Users urged to pressure Oracle for better info on flaws and patching


Users urged to pressure Oracle for better info on flaws and patching

Cliff Saran

Users should put pressure on Oracle to change the way it issues patches and call for workarounds in the light of the size of its latest quarterly security update, analyst company Gartner has urged.

Earlier this month Oracle issued a regular security update containing 82 patches.

Although Gartner supported Oracle's security patch cycle, research vice-president Rich Mogull said, "The range and seriousness of the vulnerabilities patched in this update cause us great concern."

He warned that the databases alone included 37 vulnerabilities. Many of these were rated as easily exploitable and some potentially allowing remote database access.

"Oracle has not yet experienced a mass security exploit, but this does not mean that one will never occur," Mogull said. 

In Gartner's experience, Oracle database administrators generally neglect regular patching, because Oracle applications and databases are typically embedded deep within the enterprise, which makes changes difficult.

Mogull said patching could  be impossible, owing to ties to legacy versions of software that were no longer supported.
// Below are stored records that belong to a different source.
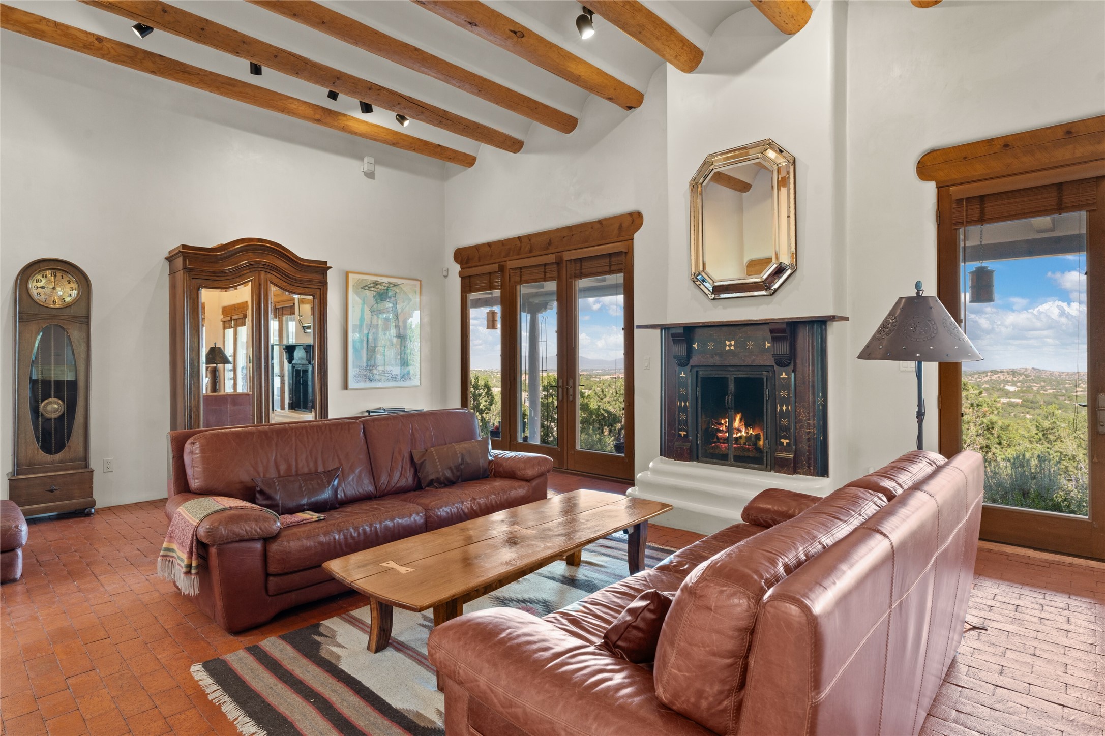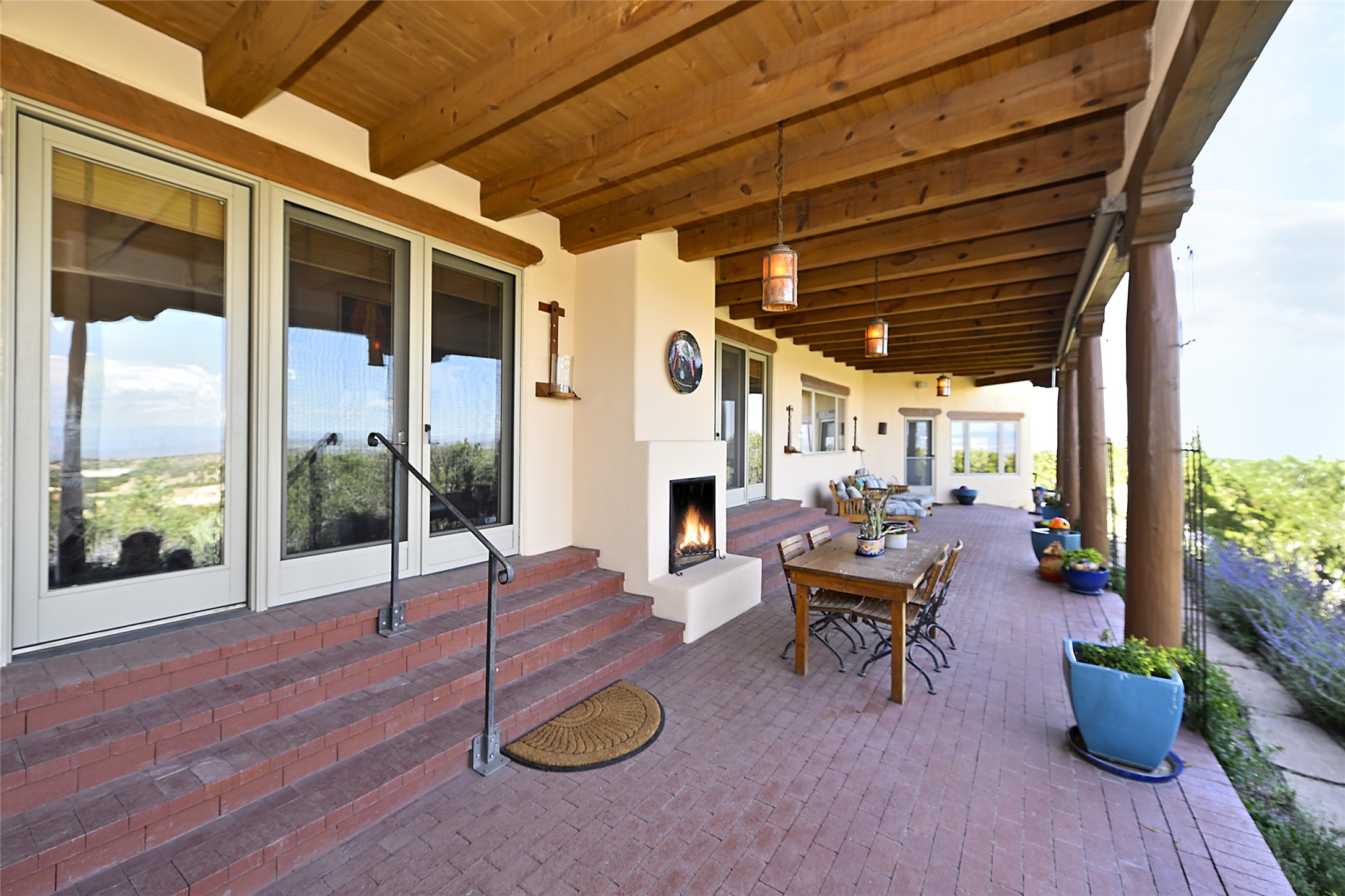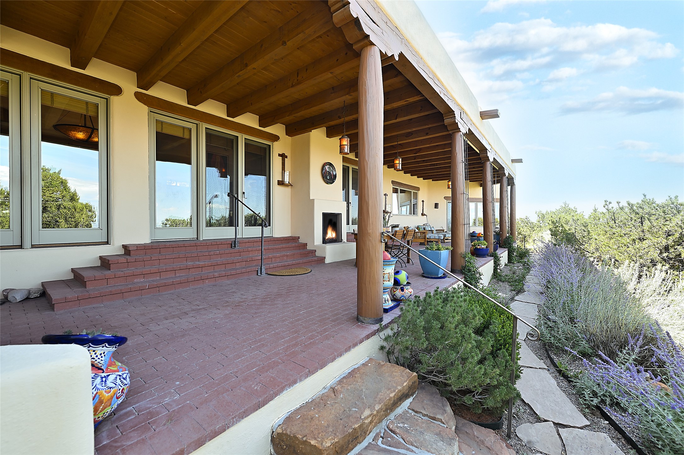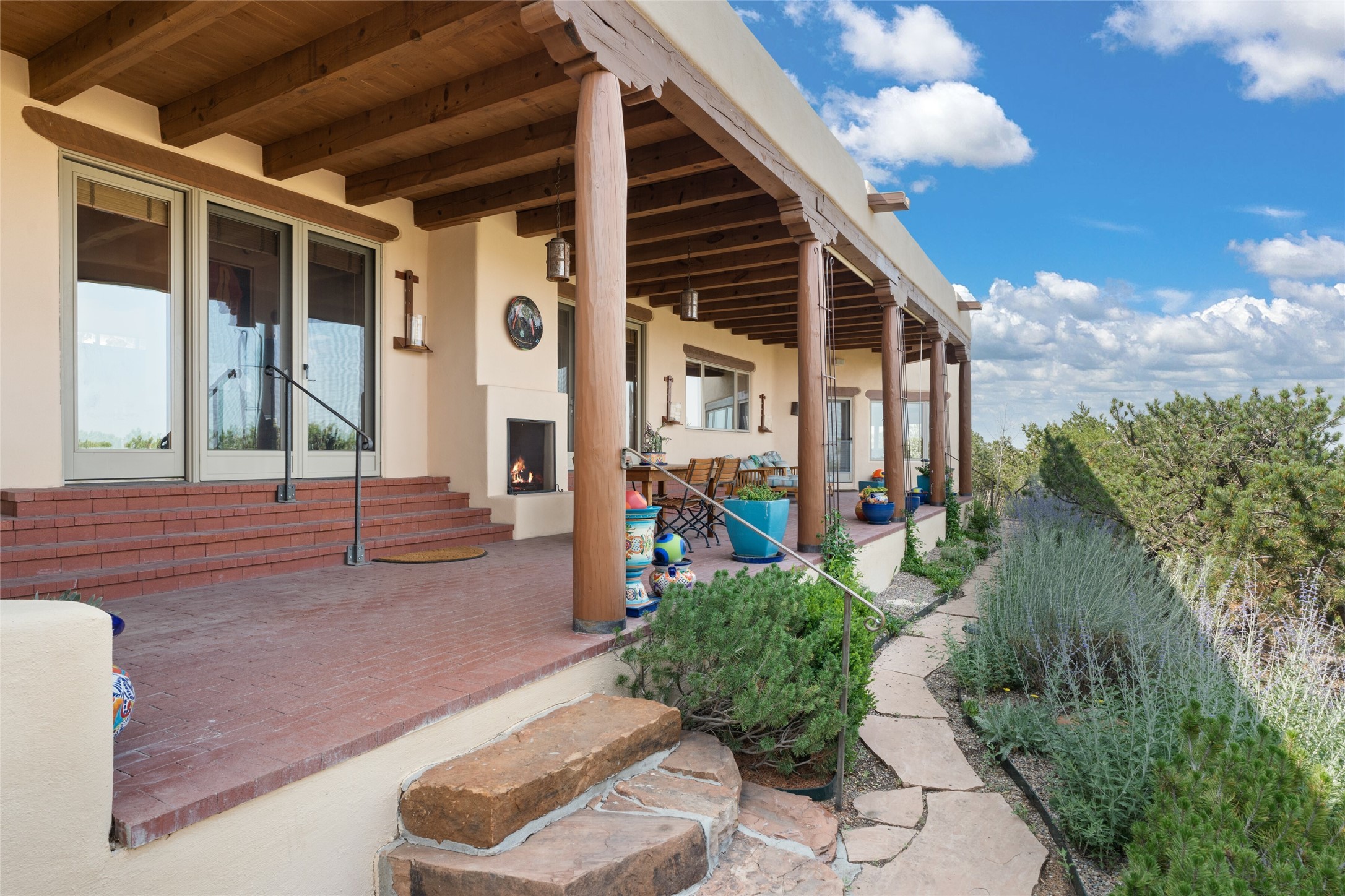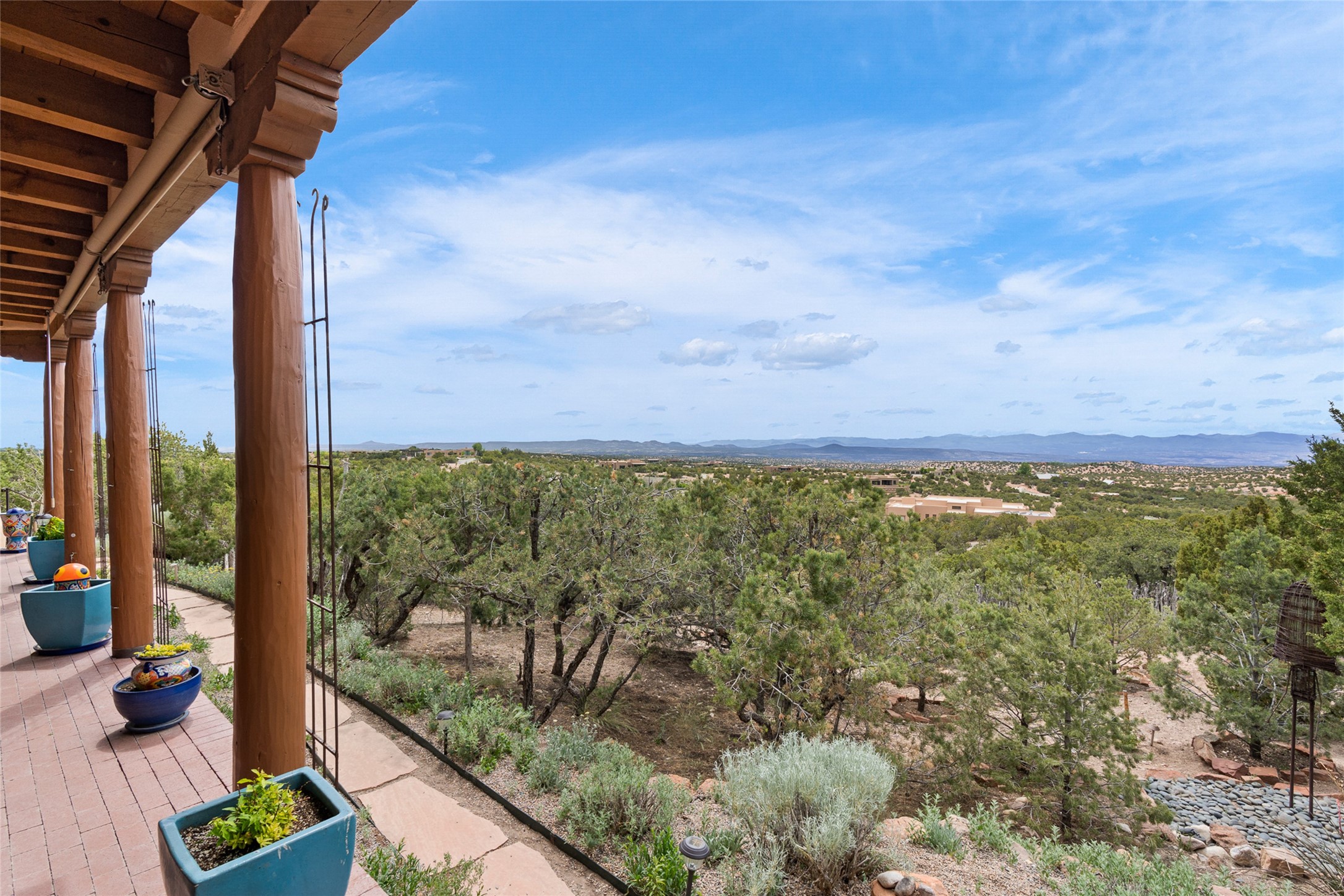 Ready to sell! Experience spectacular mountain views in every direction from this traditional Pueblo-style residence, perched on a knoll atop approximately 2.5 acres. This home radiates warmth and charm throughout, featuring vigas, coved ceilings, plank and latilla ceilings. The newly plastered walls are adorned with charming nichos. Alder wood doors and cabinetry are found throughout the home. Tall French doors and windows in the living and dining rooms bathe the space in natural light while framing breathtaking views. Eighteen-foot ceilings create an expansive, open feel, and additional French doors lead to an extraordinary portal that offers panoramic views, ample seating, dining areas, a fireplace, and a grill--perfect for outdoor living. The surrounding landscape is meticulously maintained, with lovely gardens. The kitchen shares its own lush garden portal. The spacious primary bedroom, which includes a kiva fireplace, two generous closets, and a luxurious bath. The second bedroom boasts exceptional views and an ensuite bath. A large art studio with stunning vistas, which can also serve as a third bedroom, has direct access to the portal. The home is rich with history, featuring nineteenth-century double entry doors shipped from St. Louis and a slate and iron fireplace in the living room, adding an artful touch from the past. A charming walled front courtyard, filled with vibrant flowers, creates a delightful entrance. Beyond the beautiful architecture, the private location offers peaceful, noiseless nights under a sky full of stars--all just a short drive from the city. This remarkable property is now ready for its next chapter!
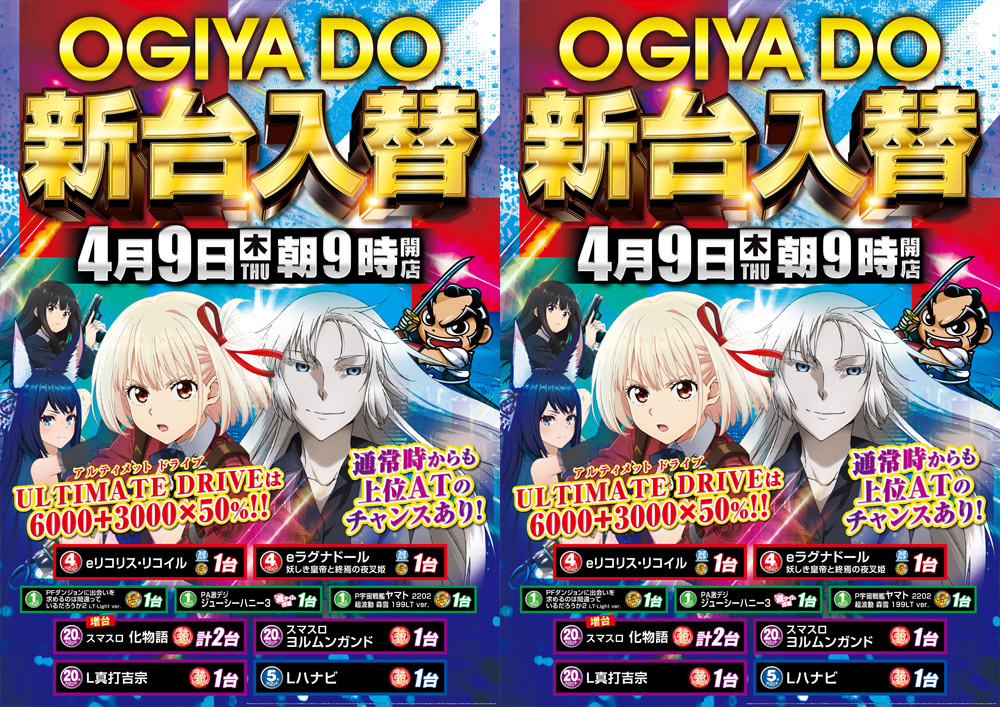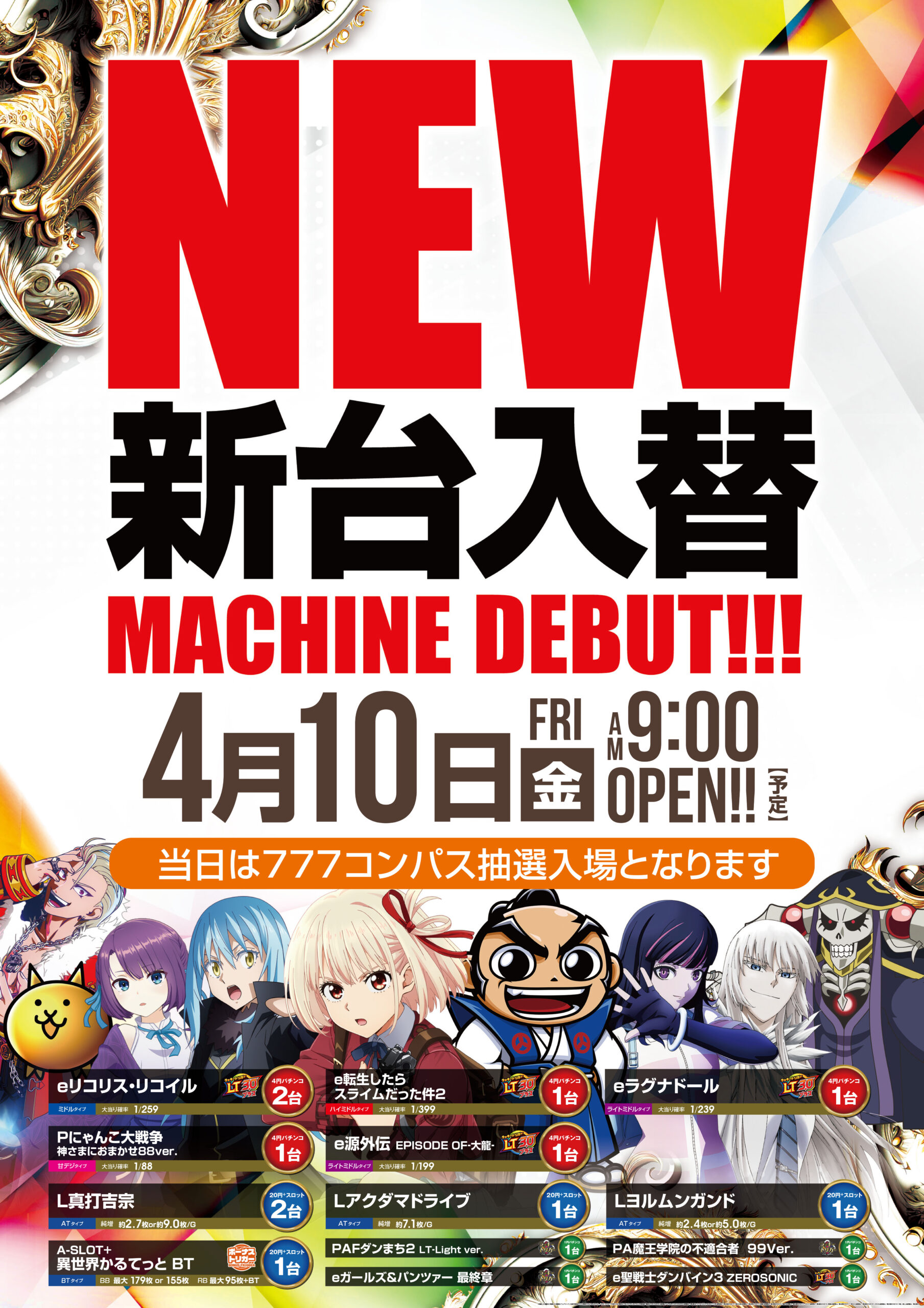 eリコリス・リコイル ミドル2台 e転スラ2 ハイミドル1台 eラグナドール ライトミドル1台 Pにゃんこ大戦争 甘デジ1台 e源外伝 ライトミドル1台
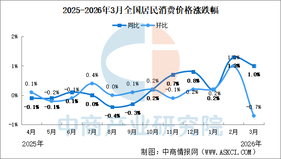 中商情报网讯:2026年3月份,全国居民消费价格同比上涨1.0%。其中,城市上涨1.1%,农村上涨0.9%;食品价格上涨0.3%,非食品价格上涨1.2%;消费品价格上涨1.3%,服务价格上涨0.8%。1—3月平均,全国居民消费价格比上年同期上涨0.9%。
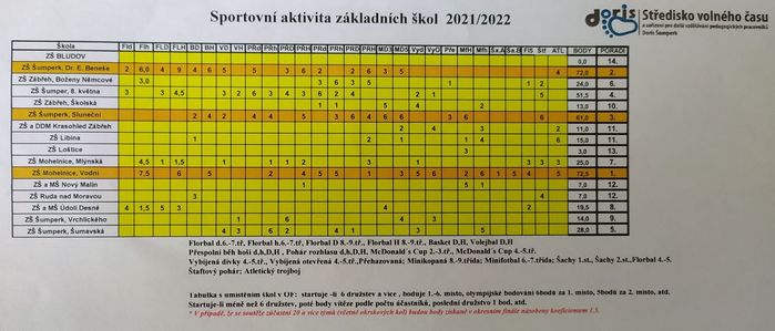 Po pauze způsobené onemocněním Covid-19 se v uplynulém školním roce opět naplno rozběhly sportovní soutěže pro základní školy šumperského okresu. Naše škola se sice nezúčastnila všech soutěží, které byly pro školní rok vyhlášeny, i tak ale výbornými výkony zejména v atletice, míčových hrách a florbalu nakonec dosáhla na první místo. Velmi si tohoto umístění považujeme, protože se nestává často, abychom v konkurenci zejména sportovních škol ze Šumperka stanuli na nejvyšší příčce.

With exploit tools for Oracle security holes appearing more regularly on the internet, Mogull urged users to press Oracle to change its security practices and improve the patching process.

Duncan Harris, senior director of security assurance at Oracle, said the company had made changes to handle security bugs better. "Our plans are to keep trying to improve patches and the amount of testing we can do."

He said Oracle planned to make the patching process more automated.

Gartner's advice for Oracle users

  • Move immediately to shield vulnerabilities announced in the Oracle security bulletin, using firewalls, intrusion prevention systems and other technologies
  • Develop a shielding schedule
  • Apply patches as rapidly as possible once they are released
  • Use alternative security tools, such as activity-monitoring software to detect unusual activity
  • Pressure Oracle to change its security management practices and provide more information on flaws.